══ PROVIDED DATA ══

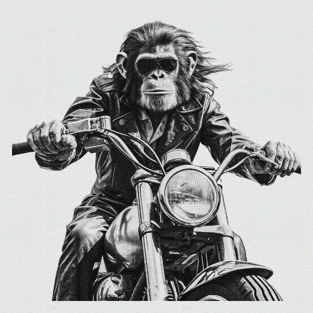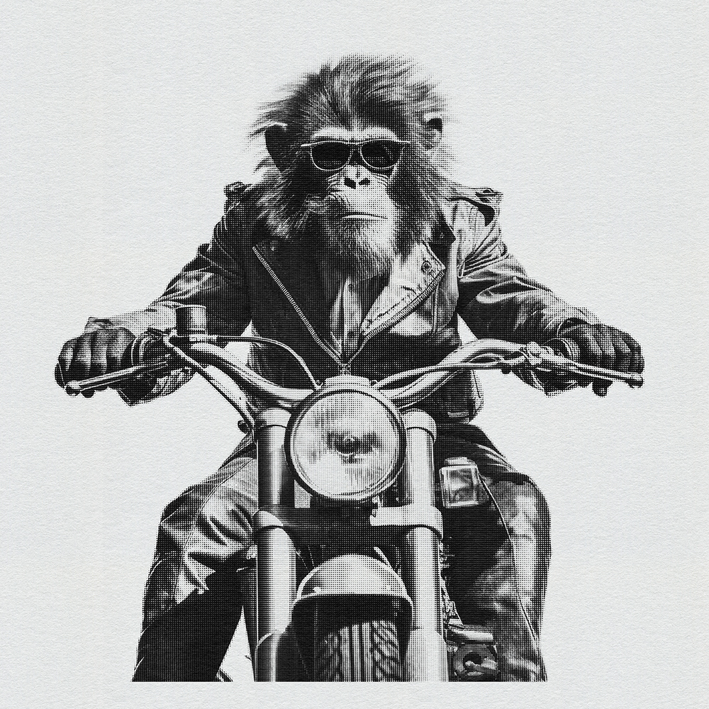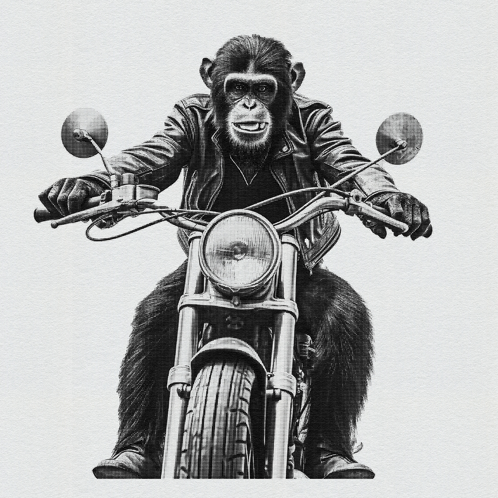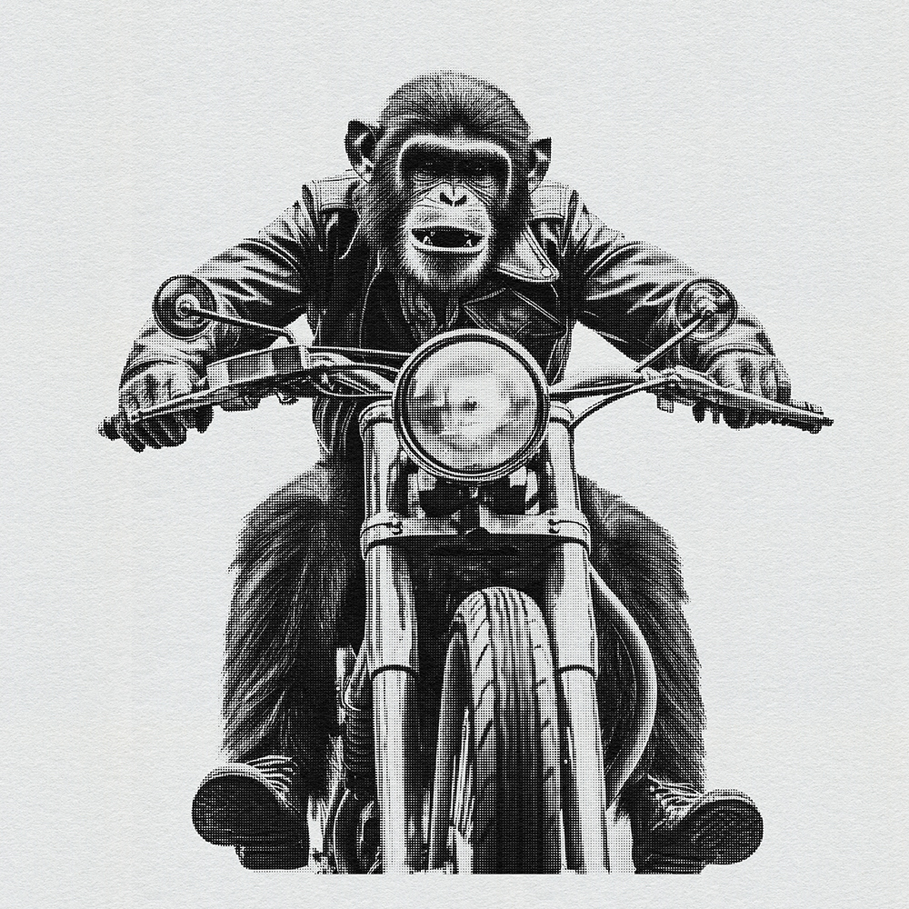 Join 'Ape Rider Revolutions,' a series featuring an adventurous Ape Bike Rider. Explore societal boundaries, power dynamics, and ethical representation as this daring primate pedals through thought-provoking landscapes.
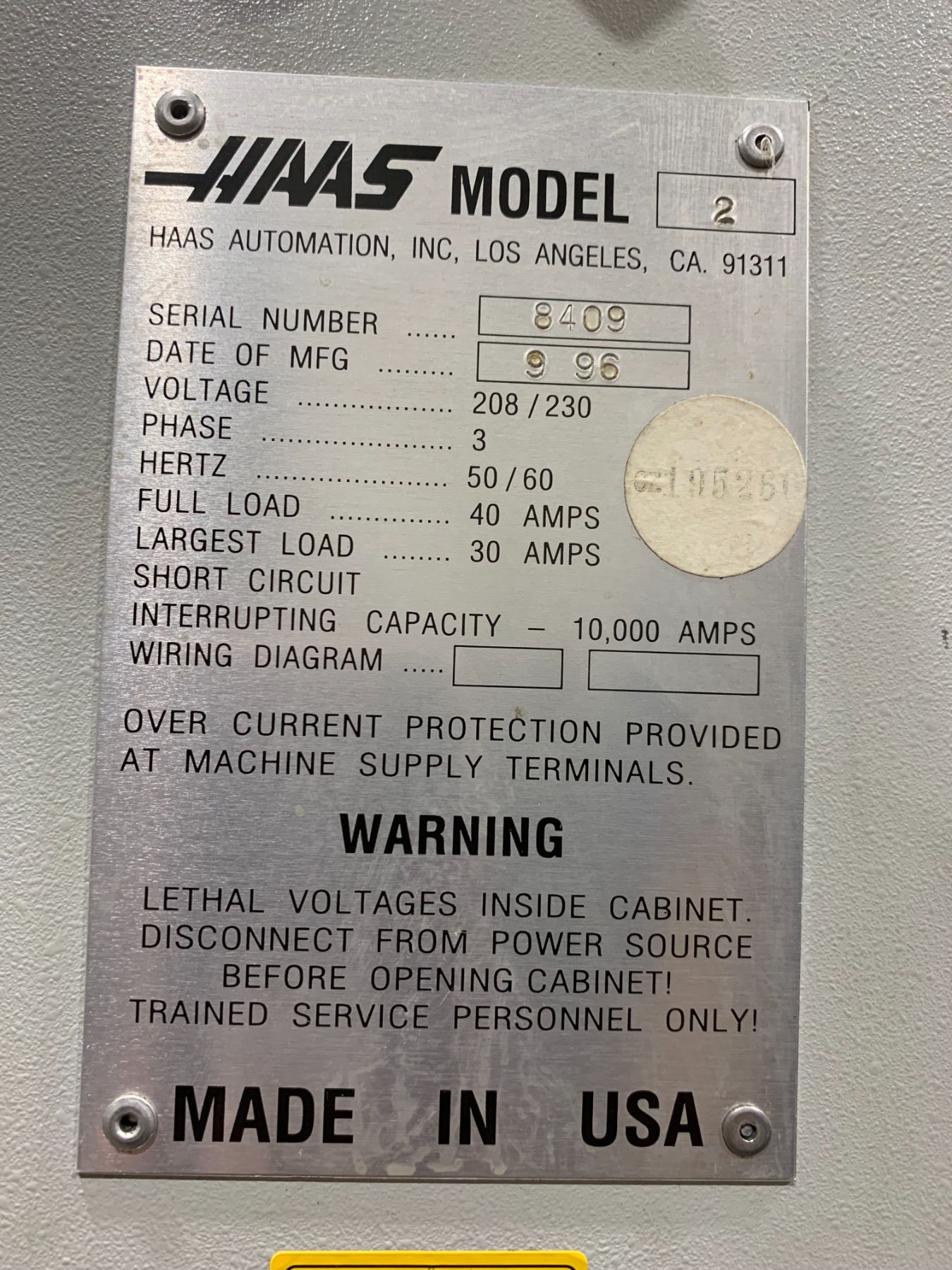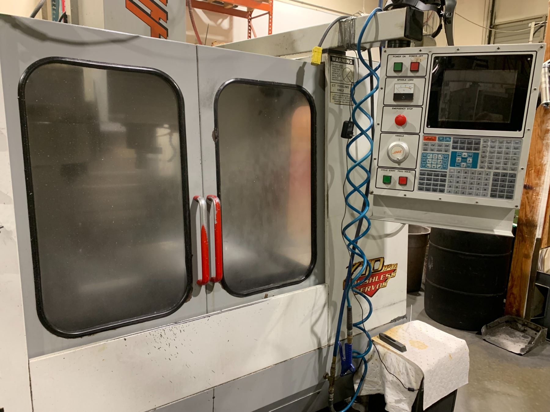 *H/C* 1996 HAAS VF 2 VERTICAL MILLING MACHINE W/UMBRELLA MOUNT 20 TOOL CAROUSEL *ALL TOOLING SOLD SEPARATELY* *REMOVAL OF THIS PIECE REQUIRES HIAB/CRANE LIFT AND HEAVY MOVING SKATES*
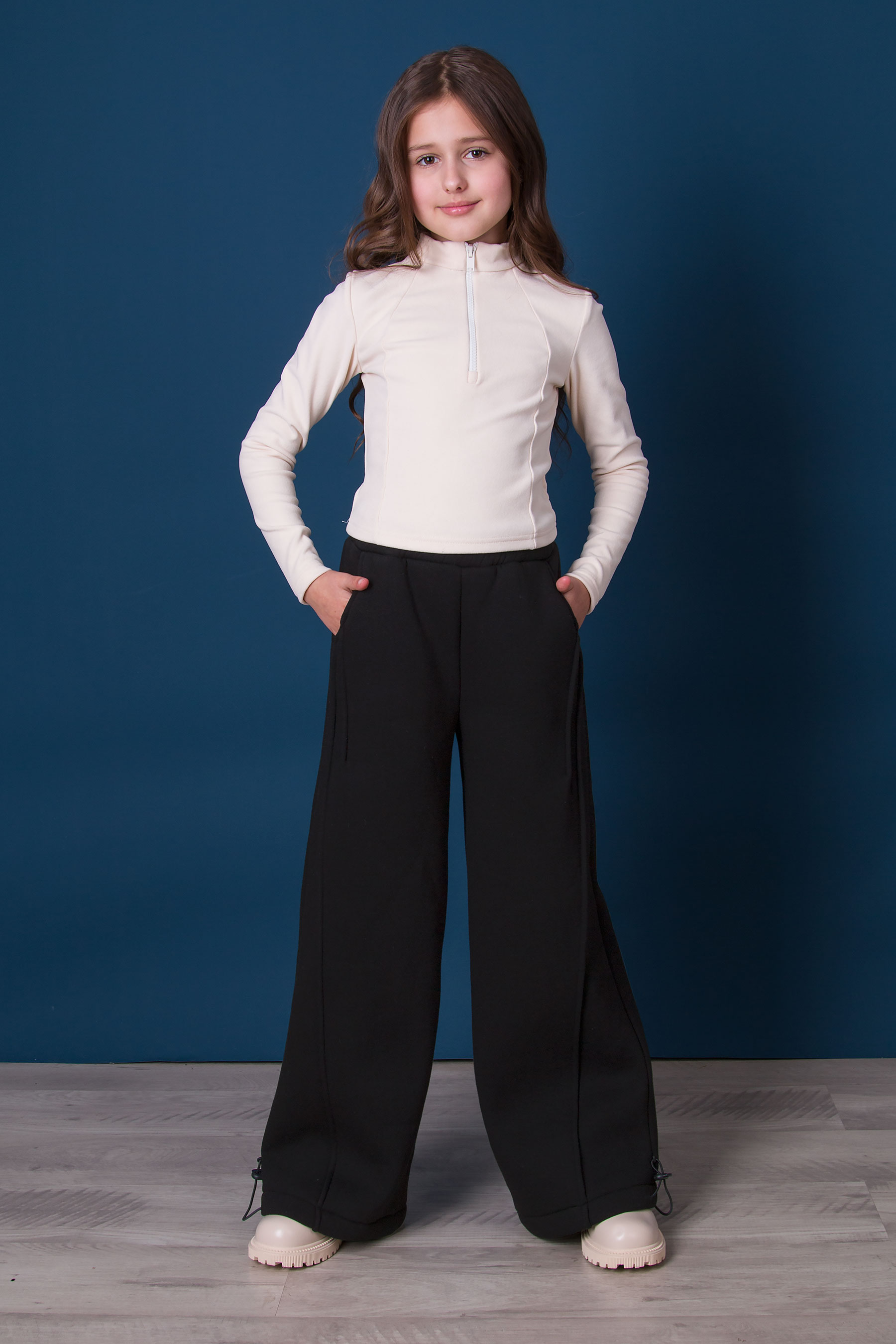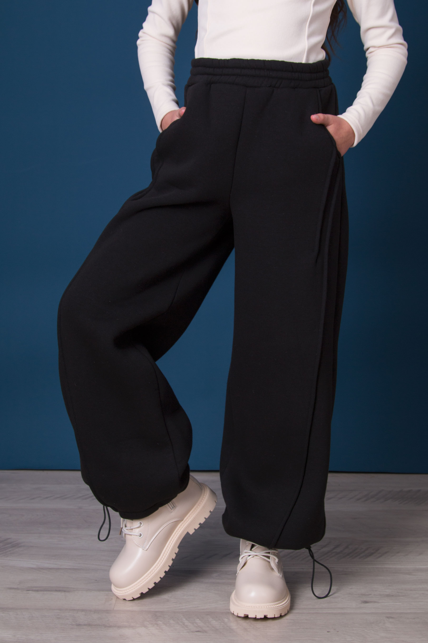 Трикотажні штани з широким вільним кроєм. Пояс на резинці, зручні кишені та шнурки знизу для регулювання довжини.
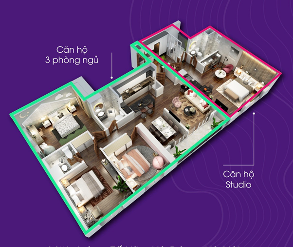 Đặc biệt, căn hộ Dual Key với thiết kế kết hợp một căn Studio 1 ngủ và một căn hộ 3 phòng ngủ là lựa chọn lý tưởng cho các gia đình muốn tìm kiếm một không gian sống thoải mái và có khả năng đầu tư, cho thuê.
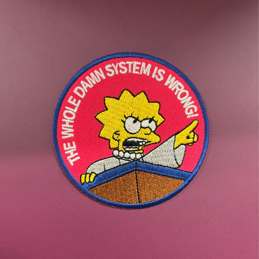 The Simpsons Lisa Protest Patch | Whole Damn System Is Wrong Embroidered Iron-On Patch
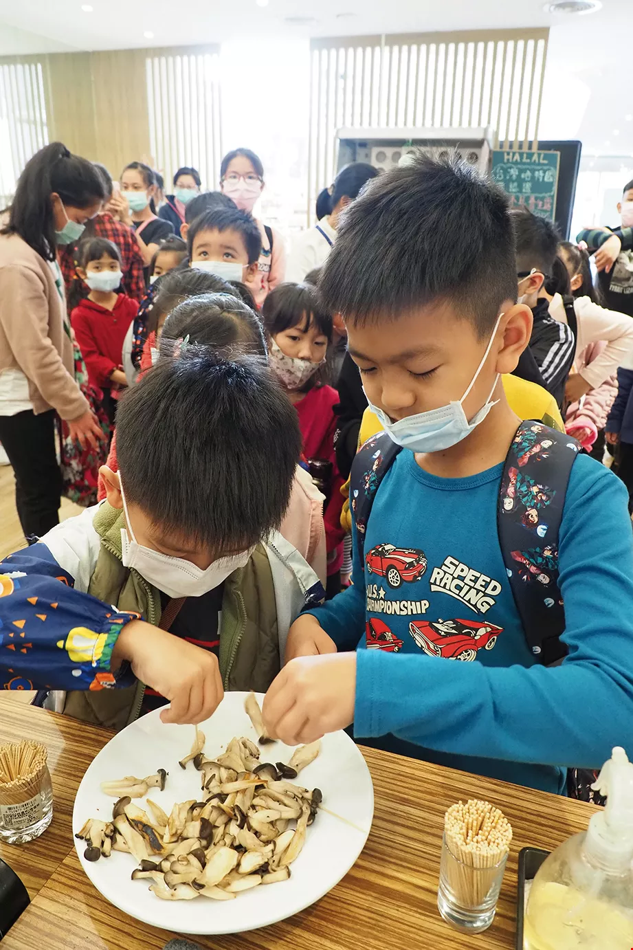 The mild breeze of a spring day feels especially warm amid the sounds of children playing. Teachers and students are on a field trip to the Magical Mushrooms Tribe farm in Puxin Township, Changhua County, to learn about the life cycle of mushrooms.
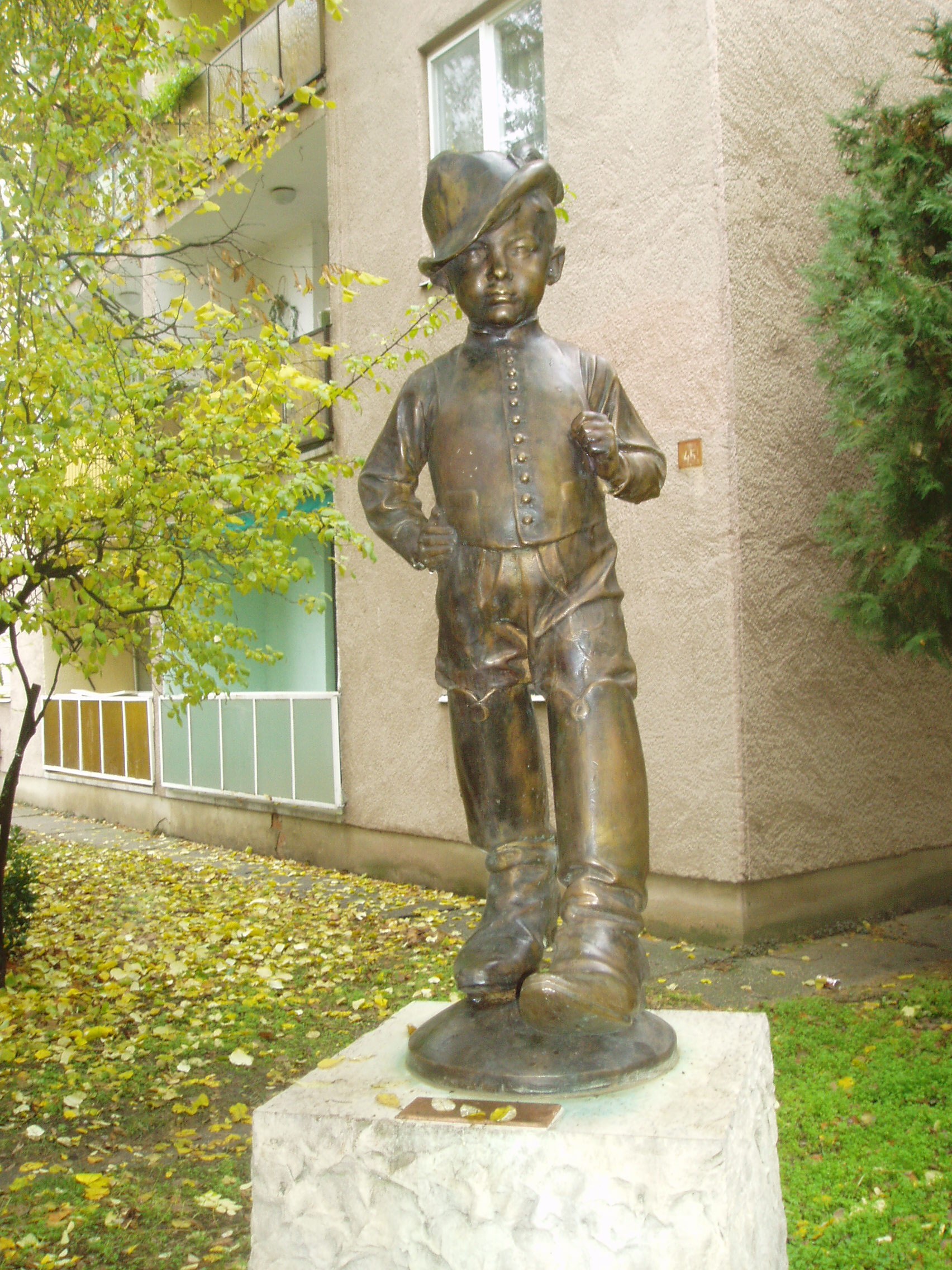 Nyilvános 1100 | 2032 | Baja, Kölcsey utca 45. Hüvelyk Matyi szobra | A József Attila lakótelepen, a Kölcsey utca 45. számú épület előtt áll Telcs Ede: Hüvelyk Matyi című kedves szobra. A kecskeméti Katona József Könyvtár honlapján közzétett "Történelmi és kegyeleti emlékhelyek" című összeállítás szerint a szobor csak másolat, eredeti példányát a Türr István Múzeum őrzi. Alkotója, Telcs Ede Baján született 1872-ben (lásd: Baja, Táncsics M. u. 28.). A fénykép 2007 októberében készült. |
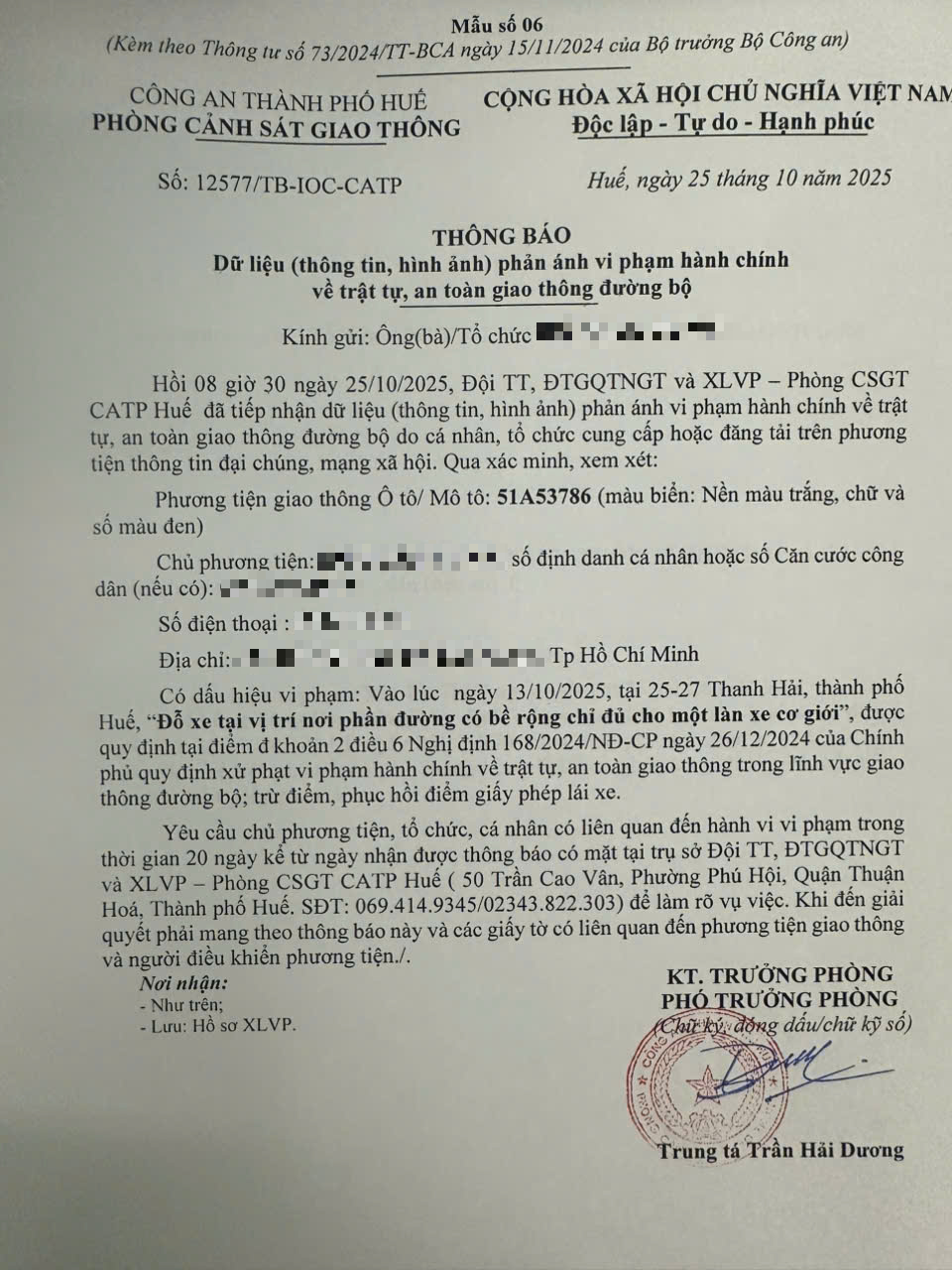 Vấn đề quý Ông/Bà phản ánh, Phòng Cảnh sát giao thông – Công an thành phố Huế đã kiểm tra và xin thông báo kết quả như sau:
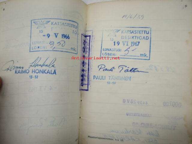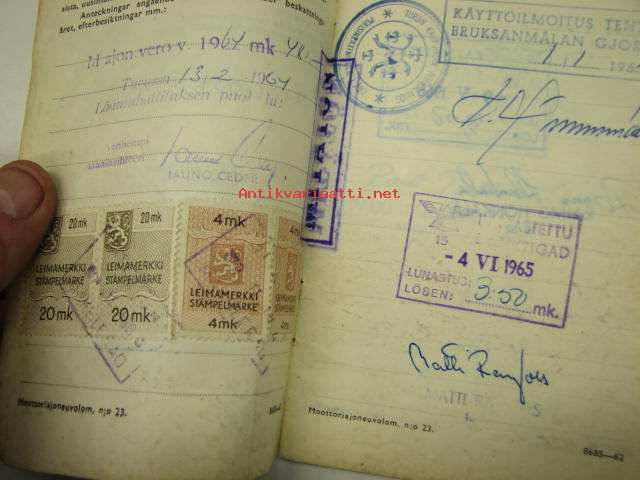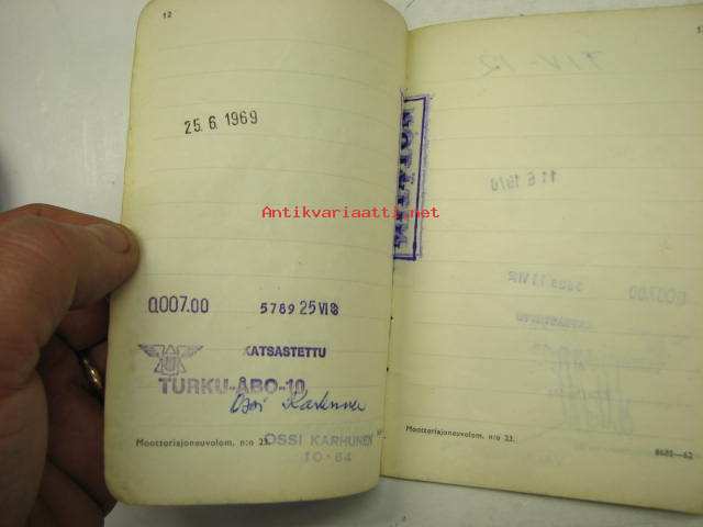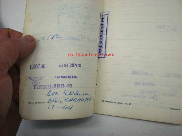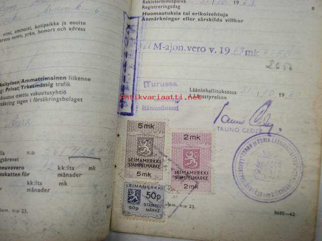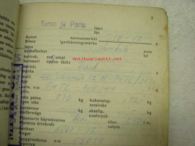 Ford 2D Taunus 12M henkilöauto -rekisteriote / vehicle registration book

═══

● **PROBLEM STATEMENT**
Please repeat, exactly as written, the lines in the records above, starting with the one that has "HEAVY MOVING SKATES*" and going on through the one that has "Vấn đề quý Ông/Bà". Pictures are to be left out.

● **RESPONSE TO THIS EXERCISE**
 *H/C* 1996 HAAS VF 2 VERTICAL MILLING MACHINE W/UMBRELLA MOUNT 20 TOOL CAROUSEL *ALL TOOLING SOLD SEPARATELY* *REMOVAL OF THIS PIECE REQUIRES HIAB/CRANE LIFT AND HEAVY MOVING SKATES*
 Трикотажні штани з широким вільним кроєм. Пояс на резинці, зручні кишені та шнурки знизу для регулювання довжини.
 Đặc biệt, căn hộ Dual Key với thiết kế kết hợp một căn Studio 1 ngủ và một căn hộ 3 phòng ngủ là lựa chọn lý tưởng cho các gia đình muốn tìm kiếm một không gian sống thoải mái và có khả năng đầu tư, cho thuê.
 The Simpsons Lisa Protest Patch | Whole Damn System Is Wrong Embroidered Iron-On Patch
 The mild breeze of a spring day feels especially warm amid the sounds of children playing. Teachers and students are on a field trip to the Magical Mushrooms Tribe farm in Puxin Township, Changhua County, to learn about the life cycle of mushrooms.
 Nyilvános 1100 | 2032 | Baja, Kölcsey utca 45. Hüvelyk Matyi szobra | A József Attila lakótelepen, a Kölcsey utca 45. számú épület előtt áll Telcs Ede: Hüvelyk Matyi című kedves szobra. A kecskeméti Katona József Könyvtár honlapján közzétett "Történelmi és kegyeleti emlékhelyek" című összeállítás szerint a szobor csak másolat, eredeti példányát a Türr István Múzeum őrzi. Alkotója, Telcs Ede Baján született 1872-ben (lásd: Baja, Táncsics M. u. 28.). A fénykép 2007 októberében készült. |
 Vấn đề quý Ông/Bà phản ánh, Phòng Cảnh sát giao thông – Công an thành phố Huế đã kiểm tra và xin thông báo kết quả như sau:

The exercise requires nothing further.